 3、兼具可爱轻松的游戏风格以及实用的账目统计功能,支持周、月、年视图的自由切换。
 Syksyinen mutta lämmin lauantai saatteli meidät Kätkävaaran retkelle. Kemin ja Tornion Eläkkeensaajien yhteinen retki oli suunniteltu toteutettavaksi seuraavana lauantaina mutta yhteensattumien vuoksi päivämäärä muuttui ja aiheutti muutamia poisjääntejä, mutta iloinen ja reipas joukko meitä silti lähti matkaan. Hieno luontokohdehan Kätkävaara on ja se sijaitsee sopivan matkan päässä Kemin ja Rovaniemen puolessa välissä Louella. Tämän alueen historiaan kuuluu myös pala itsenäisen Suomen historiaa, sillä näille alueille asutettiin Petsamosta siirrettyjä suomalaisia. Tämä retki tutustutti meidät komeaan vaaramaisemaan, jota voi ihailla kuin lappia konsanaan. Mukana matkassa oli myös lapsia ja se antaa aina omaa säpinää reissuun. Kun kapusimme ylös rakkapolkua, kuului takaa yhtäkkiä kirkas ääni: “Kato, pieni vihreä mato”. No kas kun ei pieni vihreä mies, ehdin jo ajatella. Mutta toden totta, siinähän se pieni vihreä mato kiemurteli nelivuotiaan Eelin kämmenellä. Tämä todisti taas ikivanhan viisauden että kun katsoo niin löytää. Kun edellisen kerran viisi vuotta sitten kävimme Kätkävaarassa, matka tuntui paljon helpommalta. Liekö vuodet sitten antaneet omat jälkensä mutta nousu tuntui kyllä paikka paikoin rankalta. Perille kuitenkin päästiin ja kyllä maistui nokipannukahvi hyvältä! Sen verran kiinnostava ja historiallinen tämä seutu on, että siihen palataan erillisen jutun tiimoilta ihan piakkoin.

■ ■ ■ ■ ■

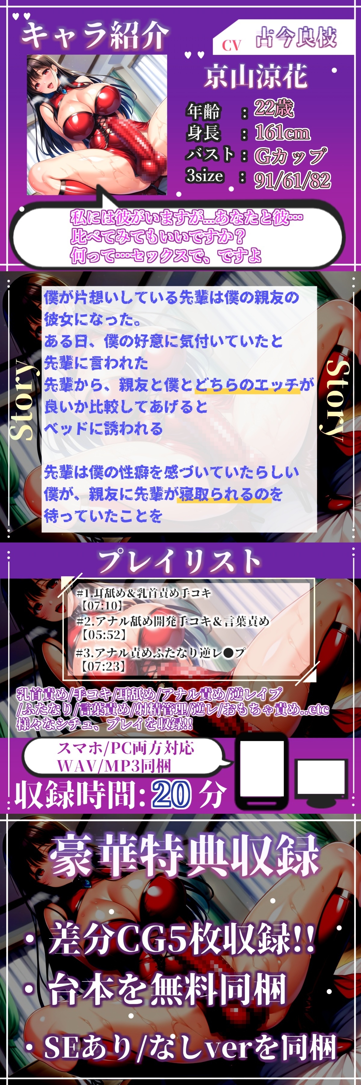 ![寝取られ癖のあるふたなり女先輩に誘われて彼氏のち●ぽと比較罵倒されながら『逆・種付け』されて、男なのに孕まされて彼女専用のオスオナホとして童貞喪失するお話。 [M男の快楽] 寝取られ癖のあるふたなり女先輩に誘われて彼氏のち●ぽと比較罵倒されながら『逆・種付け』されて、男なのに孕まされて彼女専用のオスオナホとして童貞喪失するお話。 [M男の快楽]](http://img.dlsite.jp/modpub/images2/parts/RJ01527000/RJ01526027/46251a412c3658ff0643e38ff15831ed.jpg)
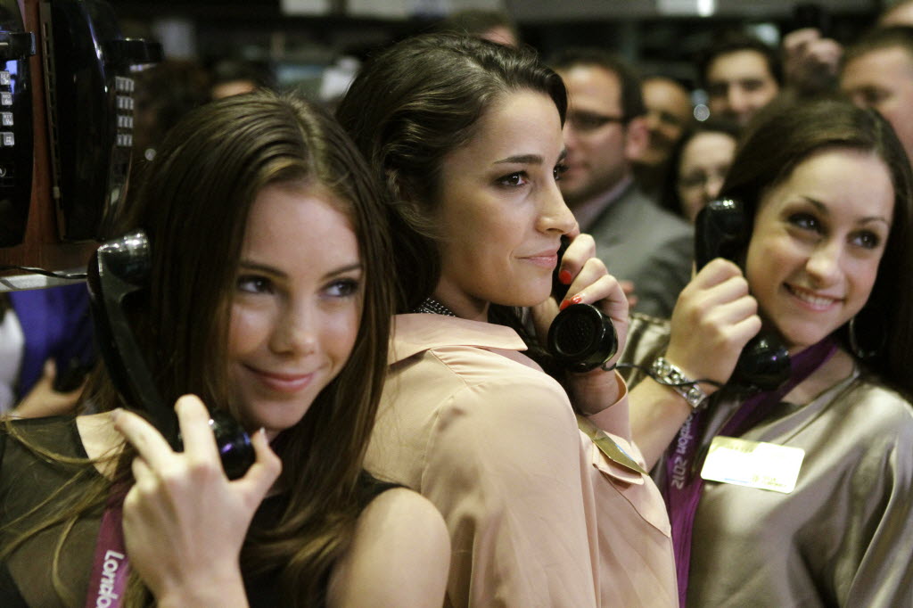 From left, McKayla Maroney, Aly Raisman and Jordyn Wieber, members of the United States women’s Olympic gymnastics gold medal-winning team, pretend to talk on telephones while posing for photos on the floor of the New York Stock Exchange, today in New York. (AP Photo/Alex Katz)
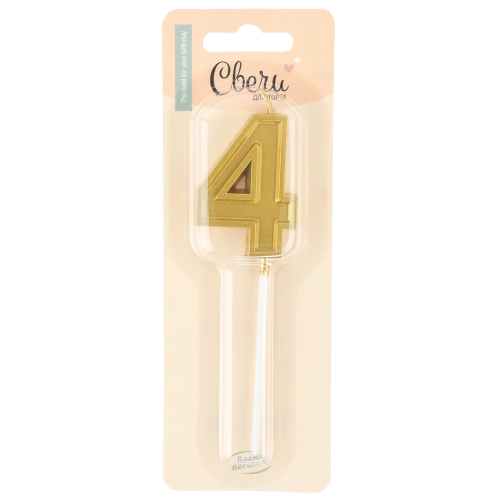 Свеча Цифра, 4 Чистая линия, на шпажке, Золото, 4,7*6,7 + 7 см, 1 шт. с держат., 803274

■ ■ ■ ■ ■

-- Problem description --
From the records above, output only the lines starting at the one containing "From left, McKayla" and ending at the one containing "Свеча Цифра, 4", word for word. Pictures stay out.

-- Task answer --
 From left, McKayla Maroney, Aly Raisman and Jordyn Wieber, members of the United States women’s Olympic gymnastics gold medal-winning team, pretend to talk on telephones while posing for photos on the floor of the New York Stock Exchange, today in New York. (AP Photo/Alex Katz)
 Свеча Цифра, 4 Чистая линия, на шпажке, Золото, 4,7*6,7 + 7 см, 1 шт. с держат., 803274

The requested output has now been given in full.